At the time of its collapse, on paper, FTX was worth in excess of $32 billion, and the third most popular crypto exchange in the world. Subsequently, we would discover that $8.9 billion  of customer funds were missing.

But news of a plan to make customers almost-whole—with 90% of outstanding funds returned—has perked up its former customers. Those in charge of the bankruptcy process will officially submit  their new plan to a U.S. Bankruptcy Court by December 16, 2023, for the court to review. But where is the money coming from?

What Has Been Announced for FTX Creditors

On October 16, the bankrupt crypto exchange FTX announced  an amended Chapter 11 plan to distribute remaining assets to customers.

Under the amended plan, FTX would divide its assets into separate pools for FTX.com, FTX US, and general creditors. In addition, FTX.com and FTX US customers would get a “shortfall claim”—a claim from a creditor when there isn’t enough available to pay off the full debt—against the general creditor asset pool for any missing customer funds. 

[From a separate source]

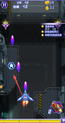 1、开启射击闯关的挑战,我们直接点击屏幕即可控制着飞机在场景中进行射击的操作的。
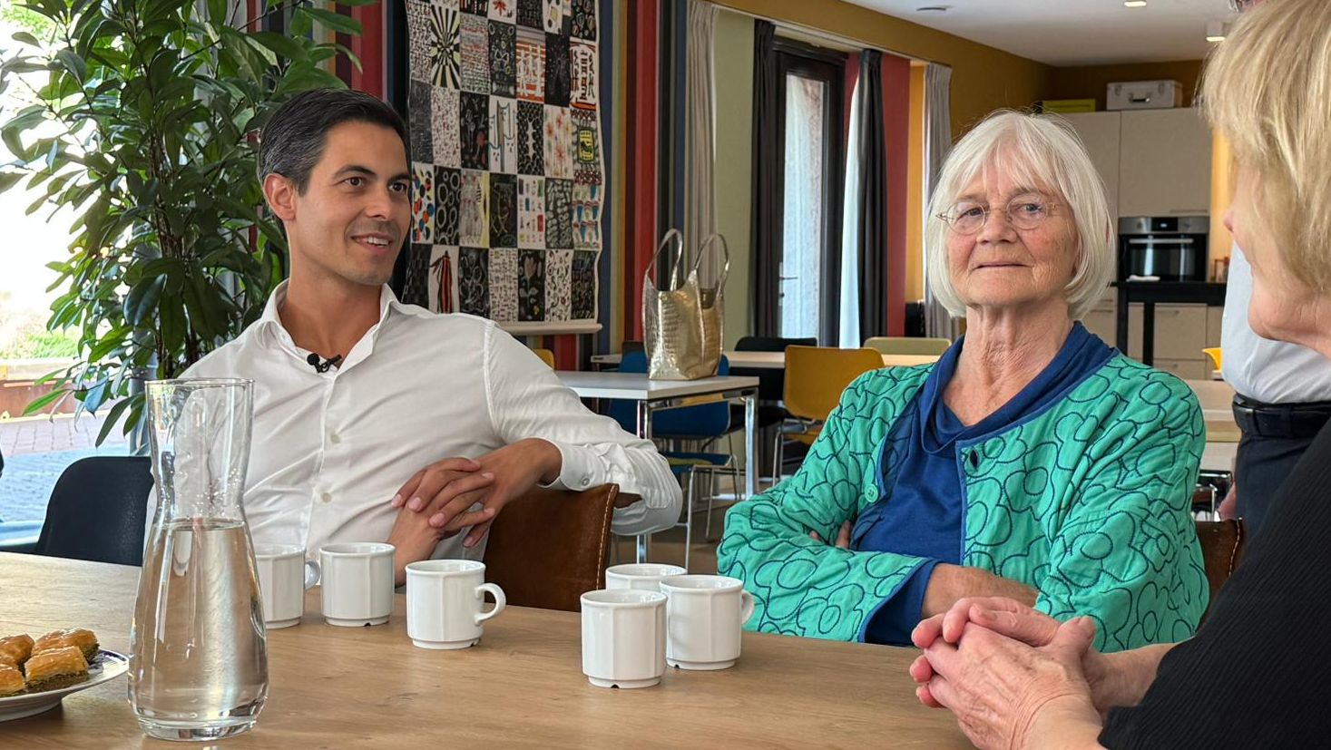 Jetten sloot zijn tour dinsdagmiddag af bij het Ebbingehof in Stad, een woongemeenschap voor 50-plussers. Daar praatte de D66-lijsttrekker met bewoners over hun woonervaringen en de obstakels die ze tegenkwamen:

The shortfall claim is valued at $8.9 billion for FTX.com and $166 million for FTX US based on initial estimates. Furthermore, a portion of the shortfall claim would have priority over general creditor claims when distributing the general asset pool.

FTX estimates that if approved, the amended plan would allow customers to recover over 90% of the total value of remaining global assets.

However, the customer payouts will depend on FTX’s ongoing asset recovery efforts, litigation results, and other variables. FTX expects customers to take losses, with FTX.com customers likely faring worse than FTX US.

Additionally, FTX offered an optional settlement for eligible customers to resolve liability for withdrawals before bankruptcy. The settlement would allow customers to either pay 15% of net withdrawals or reduce their claim amount accordingly. If the plans are approved by the bankruptcy court, FTX creditors could get a payout by June 2024.

FTX Has Already Recovered Several Billion

Luckily for FTX customers, there already exists a substantial pot of cash for creditors to draw on. On April 12, the exchange announced  it had recovered over $7.3 billion in cash and liquid crypto assets. “The situation has stabilized, and the dumpster fire is out,” FTX attorney Andy Dietderich said at the time.

The big question is, where does FTX get the remaining $1.6 billion to make its customers whole again? One fortuitous investment in AI could provide the answer.

FTX’s reported stake  in AI startup Anthropic presents an interesting opportunity for the bankrupt crypto exchange to raise funds to pay back creditors and customers. With Amazon announcing a massive $4 billion investment  into Anthropic in September, the value of FTX’s $500 million stake  has likely increased substantially.

Anthropic: A Lucky Bet on AI

In a sign of the firm’s success, Anthropic was given a rosy pre-investment valuation of $4.1 billion in March, following a $400 million investment by Google. If FTX can sell its stake in Anthropic at a profit, it could provide a windfall for the exchange’s bankruptcy estate. Those extra funds could significantly help cover customer losses and creditor claims. 

However, the bankruptcy process makes it complicated for FTX to easily liquidate its investment. FTX would likely need approval from the court before selling assets like its Anthropic stake. Plus, other creditors and investors in Anthropic may have rights that complicate a potential FTX sale.

FTX did not immediately respond to a request for comment.